Building a Watchbot template for Watchbot <= v9

Watchbot provides a method to build a CloudFormation template:

watchbot.template(options) creates CloudFormation JSON objects for the various Resources that Watchbot needs in order to do its job.

With that tool in hand, creating a Watchbot stack will generally involve:

determine the appropriate options to provide to watchbot.template for your situation.
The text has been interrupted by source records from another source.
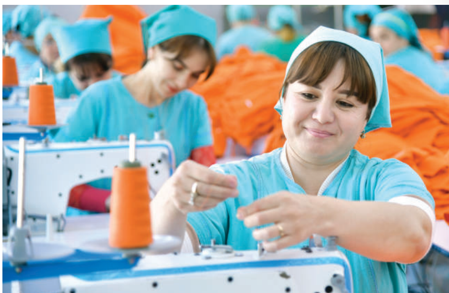
Bu chora-tadbirlarni o'z vaqtida jiro etish bo'yicha tizimli ishlar olib borilmoqda.

Prezidentning “2022-2026-yillarga mo'ljallangan Yangi O'zbekistonning taraqqiyot strategiyasi to'g'risida”gi farmonida ayollar ishsizligi darajasini ikki barobar kamaytirish, 700 mingdan ziyod ishsiz xotin-qizni davlat hisobidan kasb-hunarga o'qitish, ish bilan band bo'lmagan xotin-qizlarni tadbirkorlik va o'zini o'zi band qilish bo'yicha kompleks chora-tadbirlarni amalga oshirish vazifasi belgilangan. Bundan tashqari, kasb-hunarga o'qitish ko'lamini ikki barobar oshirish, bir million ishsiz fuqarolari kasb-hunarga o'rgatish va bu jarayonda nodavlat ta'lim muassasalarini ishtirokini 30 foizga yetkazish ko'zda tutilgan. Shuningdek, 2023-yilda 5 million aholi bandligini ta'minlash, 2 million doimiy ish o'rni yaratish masalasi ham kun tartibida turibdi.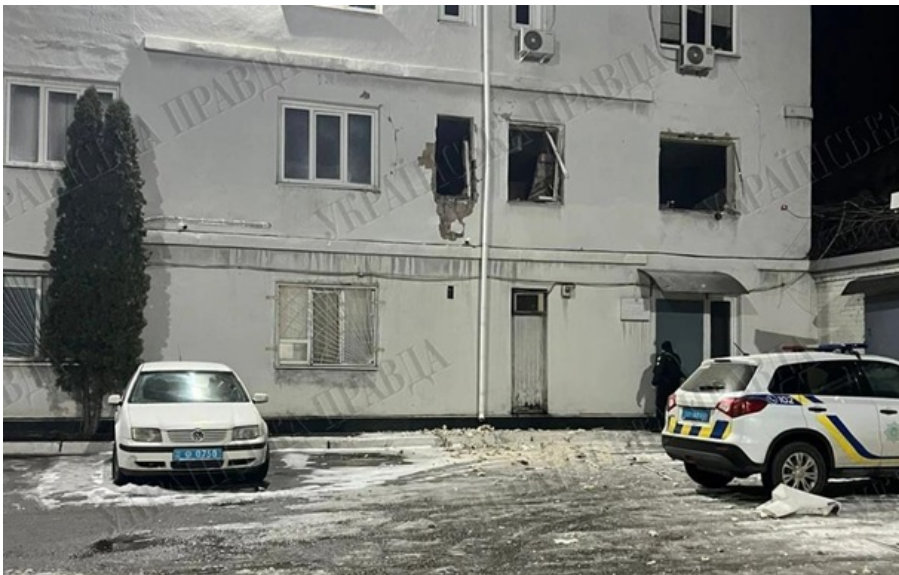
В результате взрыва зафиксированы разрушения здания

Взрыв прогремел внутри здания; зафиксированы разрушения, но, согласно предварительным данным, обошлось без пострадавших.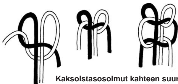
Kaksoistasosolmut kahteen suuntaan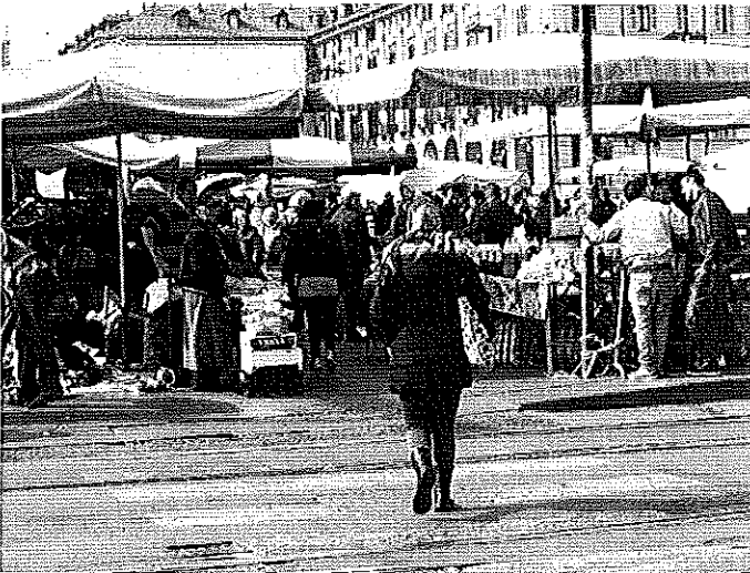
30.3.2014 Porta Palazzo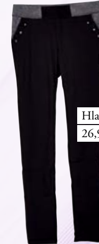
Hlače Lisa&Lu 26,90 €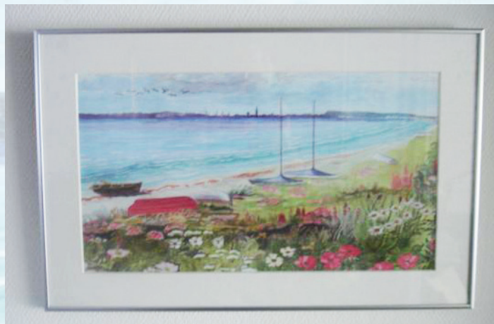
Der trækkes lod om dette billede til generalforsamlingen.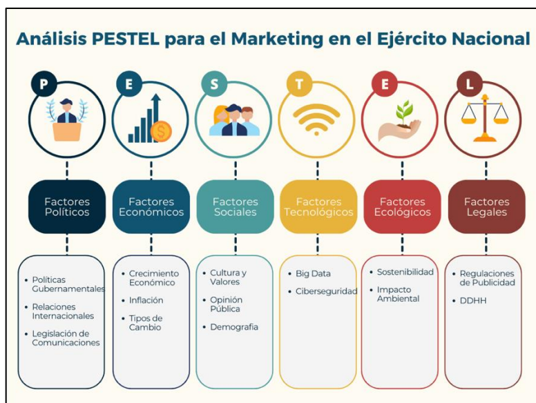
Figura 3 Análisis PESTEL para el Ejército Nacional en la estrategia de marca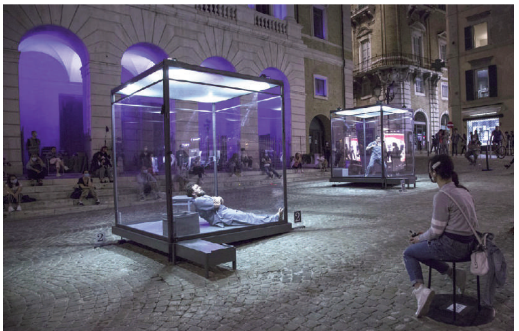
Fig. 11 | 'L'attore nella casa di cristallo' written and directed by M. Baliani, concept by V. Papa, set design by L. Diana, Ancona, square in front of Teatro delle Muse, Marche Teatro, 2020 (credit: A. Cecchi).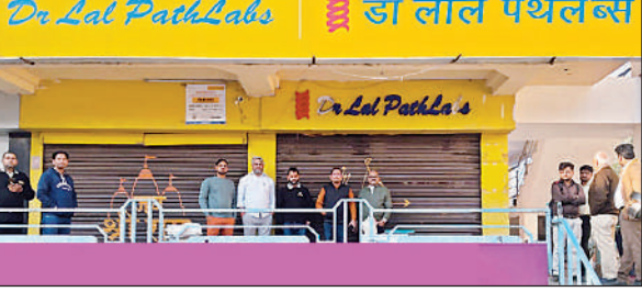
लाल पैथ लैब को सील करने के बाद स्वास्थ्य विभाग की टीम।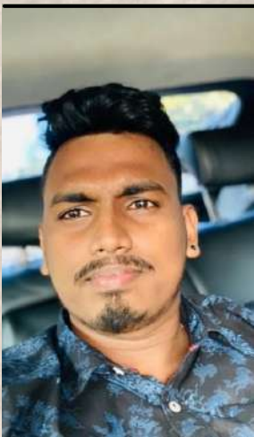
කිසල් 104% Acheived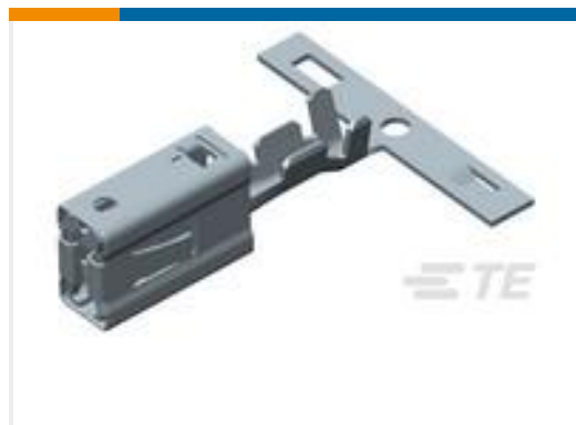
TE 产品编号1-2208459-3 AMP MCP 6.3/4.8K,TERMINAL,FUSE 0.64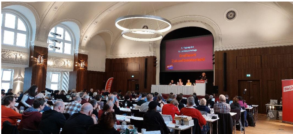
Blick in den Musiksaal beim Grußwort der Inj

Eingeklemmt zwischen den Demos gegen das NATO Manöver am Freitag und Samstag und dem Safe Abortion Day am Sonntag, hatten wir nur zwei halbe Tage Zeit für eine große Menge von Anträgen, die zeigen, wie lebendig und aktiv unsere Partei aktuell ist. Die gewachsene Mitgliedschaft zeigte sich auch an der großen Anzahl von Gästen: Von Beginn bis Ende waren neben den Delegierten bis zu 50 weitere Parteimitglieder anwesend, um am Parteitag teilzuhaben.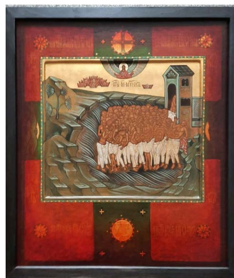
Рис. 17. Сорок мучеников Севастийских (38×38, липа, левкасный грунт, стёртая на яйце темпера, золото, копаловый лак с воском). Авт. М. Никольский

Тамбовское иконописное направление, продолжая традиции уставной православной иконописи, применяет все вышеперечисленные виды орнамента. Но необходимо указать, что орнамент, несмотря на свою уникальность и некоторую символическую нагрузку, вторичен по своему содержанию по отношению к семиотическому аспекту в иконе (рис. 17).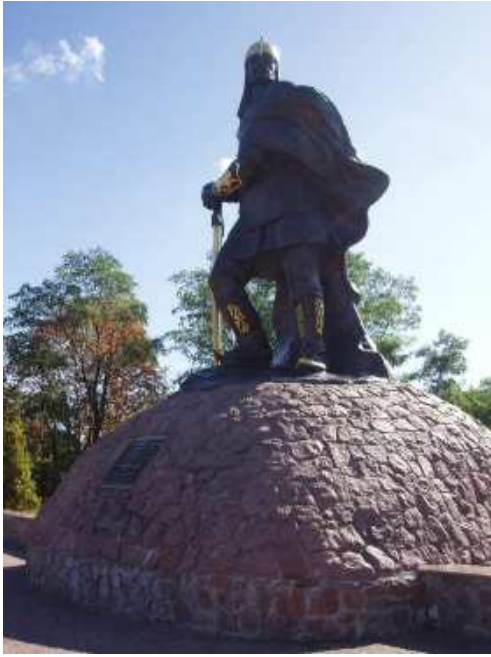
Пам'ятник князю Малу у Коростені.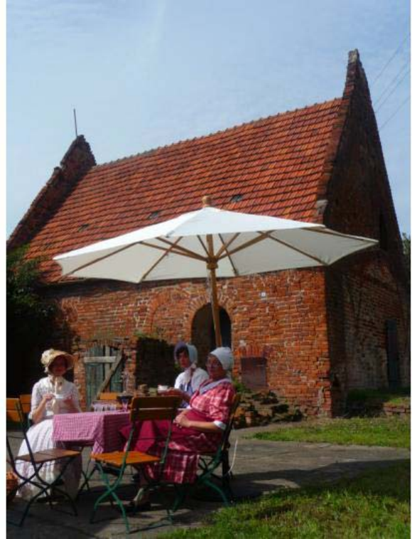
Bei sonnigem Wetter ließ es sich schön vor der Lambertikapelle sitzen

Ein Besonderheit war die Präsentation der Lambertikapelle durch die Familie Gellerich. Am Stand der AWA war neben Kaffee und Kuchen auch ein Faltblatt zur Geschichte und kulturhistorischen Bedeutung des Bauwerks erhältlich. Immerhin handelt es sich um das älteste Gebäude der Stadt Werben. Die Kapelle war vor 1200 vom Johanniterorden erbaut worden, dem im Jahre 1160 von Albrecht dem Bären die Werbener Kirche und das Gelände für die erste Kompturei im Nordosten Deutschlands überlassen worden war. Über zweihundert Jahre lang wurde von Werben aus der weitere Ausbau von Ordensniederlassungen betrieben, weshalb die Johanniter an der Erhaltung der Lambertikapelle interessiert sind. Wenn es der Hansestadt Werben gelungen sein wird, das Grundstück der Kapelle zu kaufen, kann die Instandsetzung des Bauwerks in Angriff genommen werden.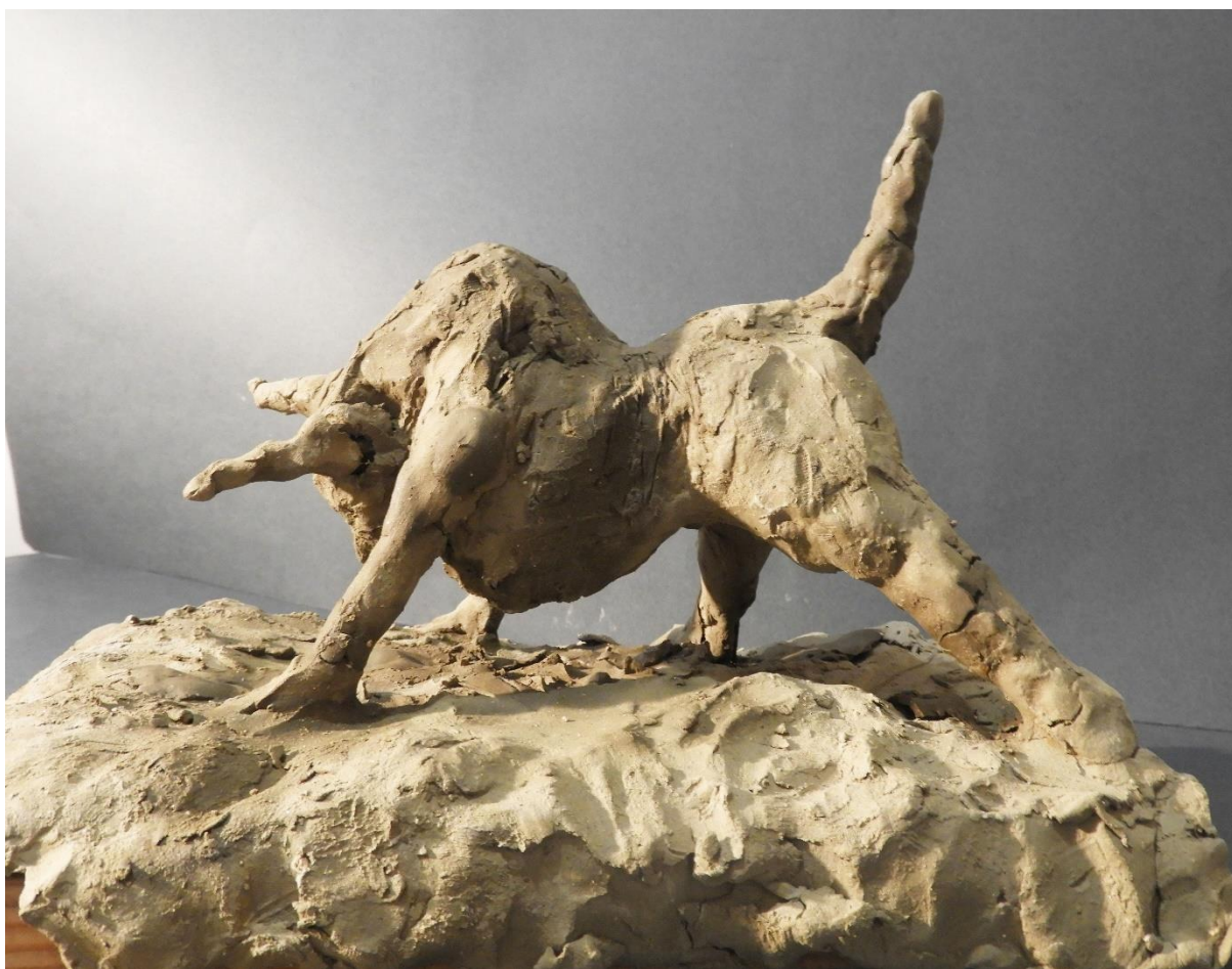
Bik , 2020., glina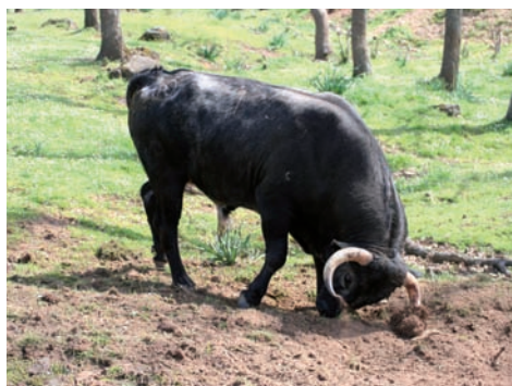
TORNIJAR / ESTORNIJAR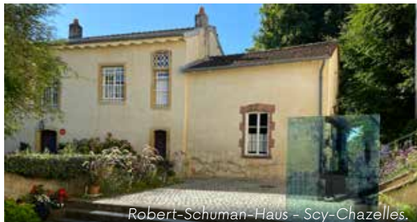
Robert-Schuman-Haus - Scy-Chazelles.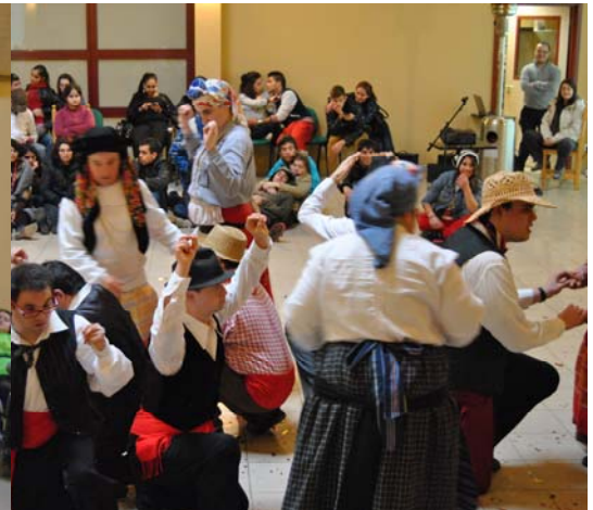
Dia do Formando - pág. 12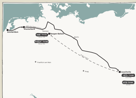
Diese Karte zeigt die Orte, an die die Familie Frank verschleppt wird.

Otto erlebt die Befreiung des Konzentrationslagers Auschwitz im Januar 1945. Er überlebt als Einziger der Untergetauchten. Die Armeen der Alliierten befreien nach und nach die von Deutschland besetzten Gebiete. Sie beenden im Mai den Zweiten Weltkrieg in Europa.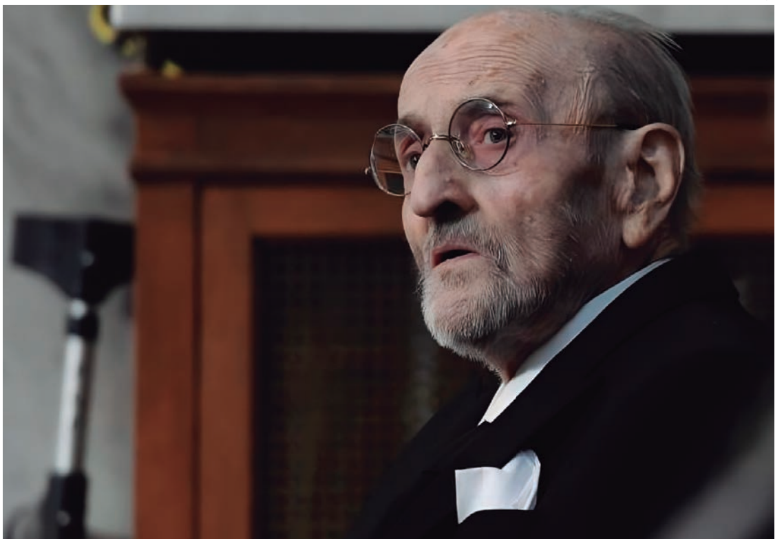
El escritor Álvaro Pombo y García de los Ríos.

Álvaro Pombo y García de los Ríos, nacido en Santander, 1939, es un poeta y novelista y también un ensayista tardío, ya que publicó su primer ensayo, una obra sobre la re-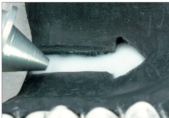
Abb. 6: Der ausgesparte Bereich wird mit Orthocryl white aufgefüllt...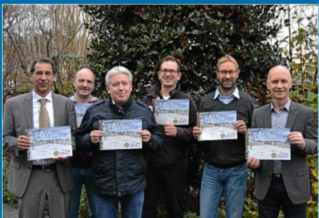
AKTION Der Verkauf hat begonnen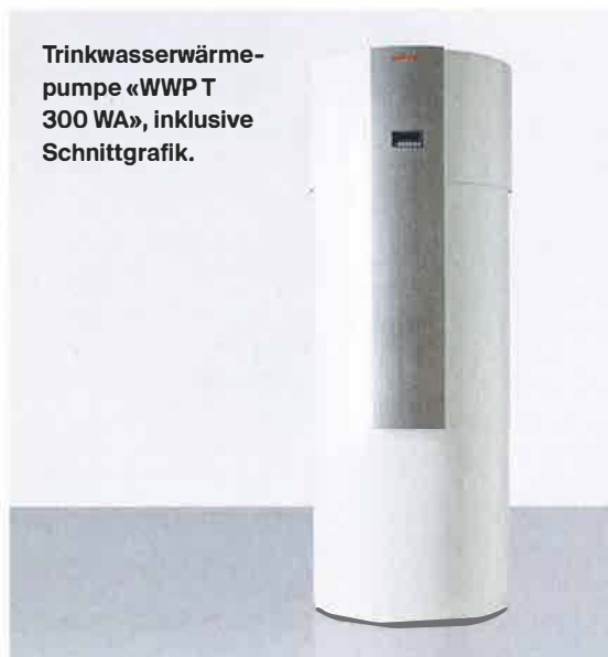
Trinkwasserwärmepumpe «WWP T 300 WA», inklusive Schnittgrafik.

HOHE EFFIZIENZ Die neue Trinkwasserwärmepumpe lässt keine Wünsche offen.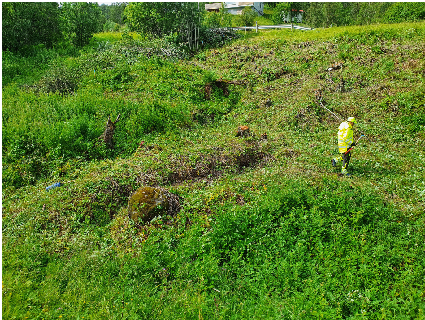
Figur 2 Gjerdet etter vegetasjonen er ryddet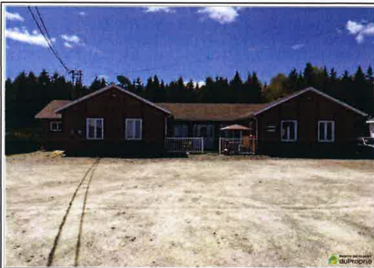
VUE DE LA RUE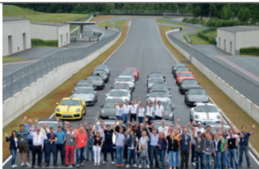
Juni 2016 – Sportfahrertraining Bilster Berg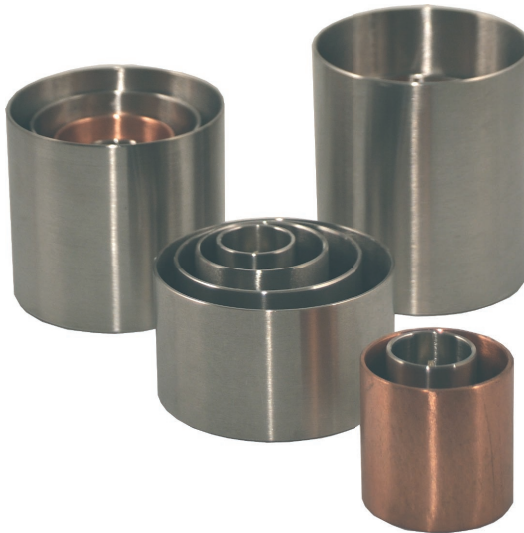
Die AURUM VITA - Ringmodule „RM-O“, „RM-I“, „RM-II“ und „RM-IV“

Die Anwendungsfälle reichen vom Schutz vor Störfeldern am Arbeitsplatz über die Verbesserung der Wohnqualität, bis hin zur Verbesserung der feinstofflichen Energien in Krankenhäusern und ähnlichen Einrichtungen. Auch im Zusammenhang mit der Tierhaltung lassen sich die AURUM VITA - Ringmodule unterstützend einsetzen.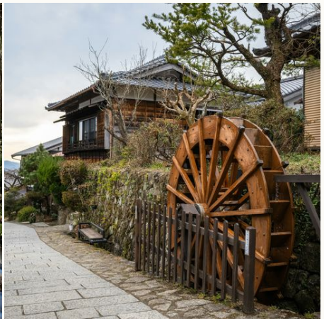
Spazieren durch Dörfer im Kiso-Tal, Japan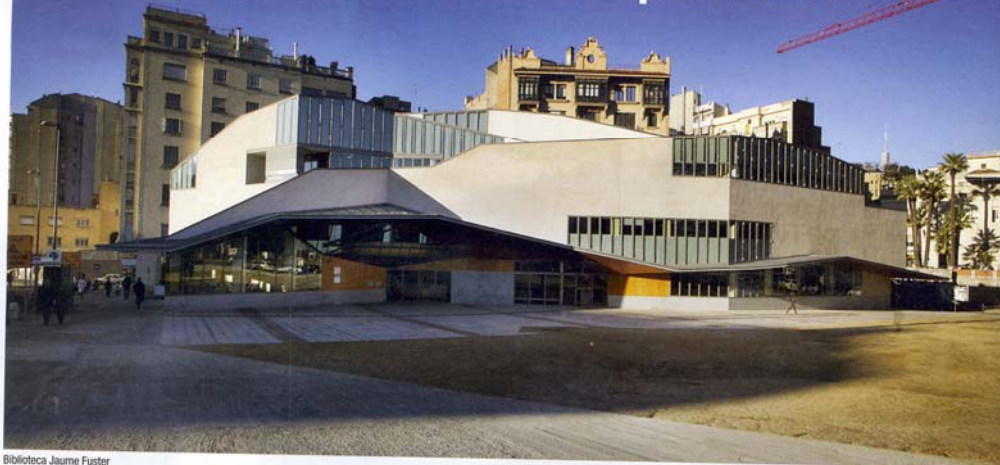
Biblioteca Jaume Fuster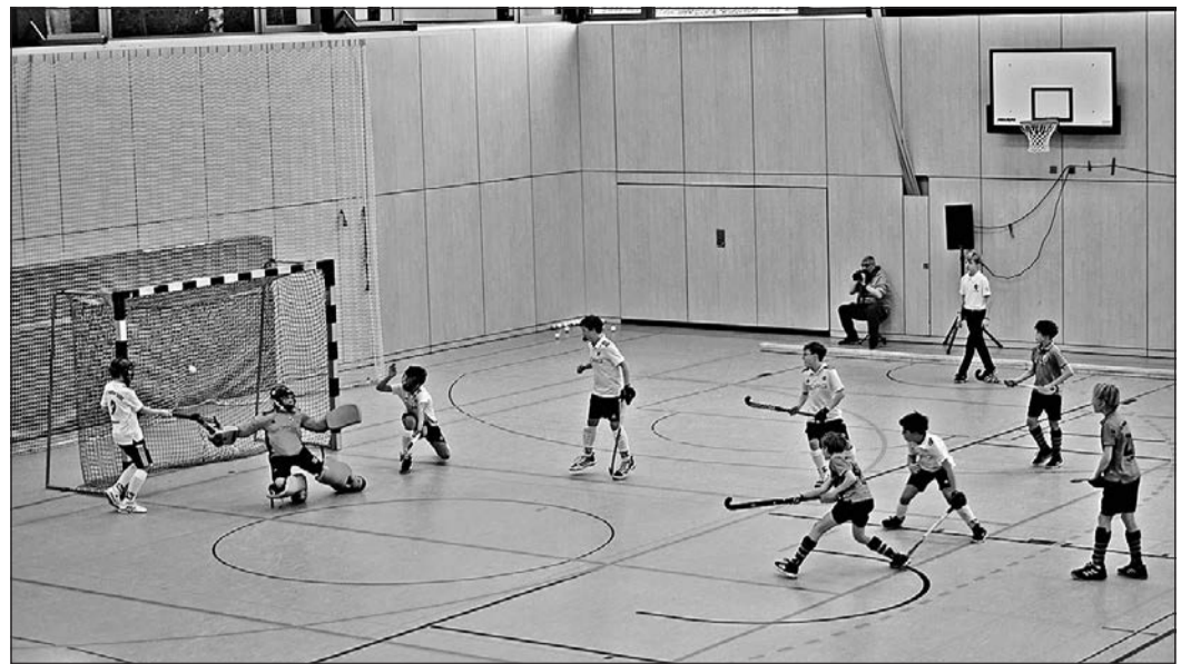
Jakob Winter (Mitte) des Hockey Clubs Bad Homburg verwandelt kurz vor Ende des Halbfinals gegen den Sport Club Frankfurt noch die Ecke zum 2:2.

FV Stierstadt: Die diesjährige Mitgliederversammlung findet am Freitag, 24. März, statt und beginnt um 19.35 Uhr im Vereinsheim. Außer Vorstandswahlen stehen auch Ehrungen auf der Tagesordnung. (gw)

See the table below for more details on the various required options, optional ones, and default values.
write a CloudFormation template that defines the configuration parameters, stack outputs, permissions required by your worker containers, and any additional resources that are required in order to process jobs.
write a script which merges the two templates, adding Watchbot's resources to your template.
use cfn-config to deploy the template by referencing the script that you've written.

As an example, consider a service where the workers are expected to manipulate objects in an S3 bucket. In the CloudFormation template, we wish to create the S3 bucket that our workers will interact with, and then build the Watchbot resources required to perform the task in response to SNS events.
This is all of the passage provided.